Independent Tajik news agency Asia Plus kicked offline

President of Tajikistan Emomali Rahmon speaks during the United Nations General Assembly at U.N. headquarters, on September 19, 2017. The independent Tajik news agency Asia Plus has been offline since August 19, 2019. (AP Photo/Mary Altaffer)

President of Tajikistan Emomali Rahmon speaks during the United Nations General Assembly at U.N. headquarters, on September 19, 2017. The independent Tajik news agency Asia Plus has been offline since August 19, 2019. (AP Photo/Mary Altaffer)

Washington, D.C., September 10, 2019–Websites and email addresses belonging to embattled independent news agency Asia Plus in Tajikistan have been down since August 19, according to the agency and Radio Ozodi, the Tajik-language service of the U.S. government-funded Radio Free Europe/Radio Liberty (RFE/RL).
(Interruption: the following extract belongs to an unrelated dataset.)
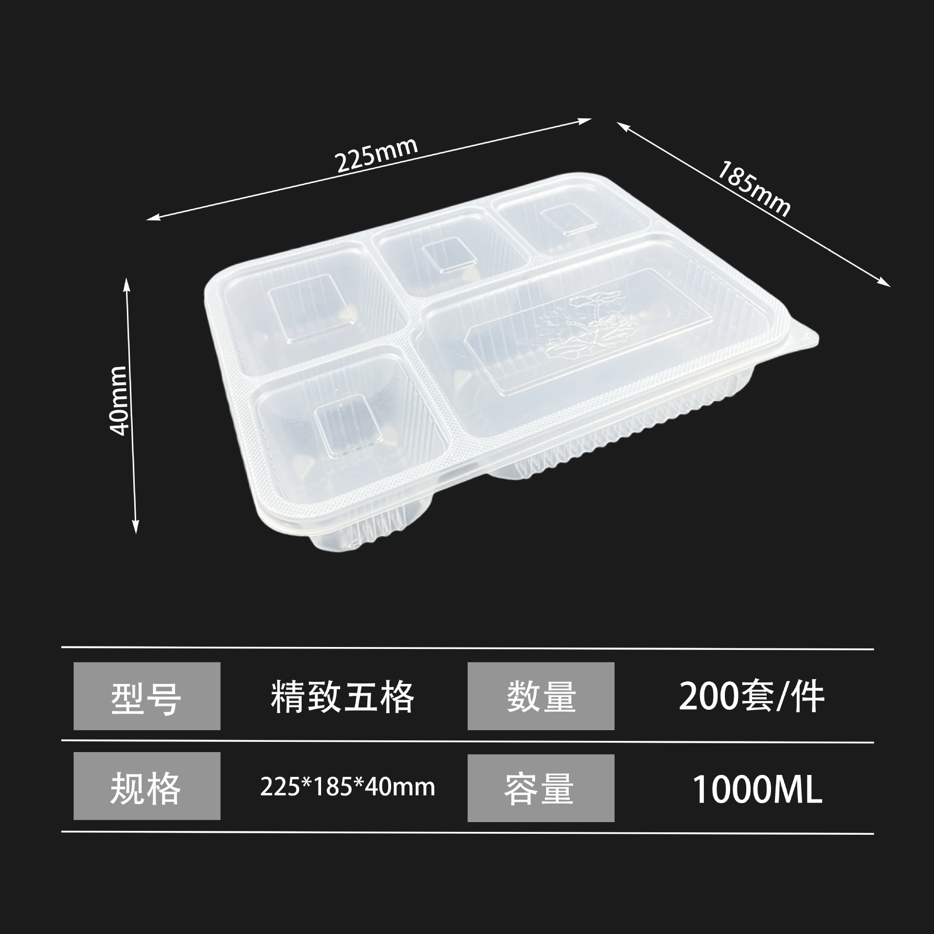 exquisite five-grid black (200 pieces/set)

Dushanbe-based media group Asia Plus reported via a mirror site on September 2 that its main websites and business emails stopped working completely on August 19. Prior to the outage, Asia Plus was already blocked in Tajikistan, according to the regional news website Eurasianet, though still accessible overseas and via virtual private network (VPN). CPJ visits to both websites from Washington, D.C., today produced error messages.
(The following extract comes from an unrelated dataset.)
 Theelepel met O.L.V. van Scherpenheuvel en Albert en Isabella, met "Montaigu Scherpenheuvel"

The Asia Plus and Radio Ozodi reports said the domain name records for two websites, news.tj and asiaplus.tj, had been deliberately misconfigured to disrupt access. While this could potentially result from an error or cyberattack, the national domain registry has yet to investigate complaints from Asia Plus and Eastera, the private hosting provider that manages the domains, according to Radio Ozodi. The .tj domain is administered by the Information Technology Center under the president’s administration, according to the registry’s website.
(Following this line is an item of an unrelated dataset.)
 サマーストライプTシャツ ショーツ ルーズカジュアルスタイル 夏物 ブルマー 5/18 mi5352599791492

“The apparently targeted disruption of Asia Plus news agency’s website and the failure to restore service is cause for concern given Tajikistan’s poor press freedom record,” said Gulnoza Said, CPJ’s Europe and Central Asia program coordinator, in New York. “The Tajik authorities should investigate the problem and help ensure the website is accessible, so the public can get much needed news and information.”

CPJ did not receive a response to its emailed request for comment from the Information Technology Center. The government communications service denied responsibility for the incident, Radio Ozodi reported. A spokesperson for ICANN, the global body that governs the internet’s domain name system, declined to comment because it does not have authority to adjudicate issues involving national registries.

Asia Plus, which the regional Ferghana news agency has described as one of Tajikistan’s largest independent news agencies, covers political, social, and economic issues. Eurasianet reported in November 2018 that Asia Plus had joined Tajikistan’s growing list of blocked news websites after it published an article on tax exemptions for construction companies linked to the president and his family. The agency continues to publish via a mirror site, Facebook page, and Telegram channel.

Websites and social media are frequently subject to censorship in Tajikistan, regional news reports indicate. News is routinely censored and journalists face persecution for their critical reporting, CPJ reporting shows.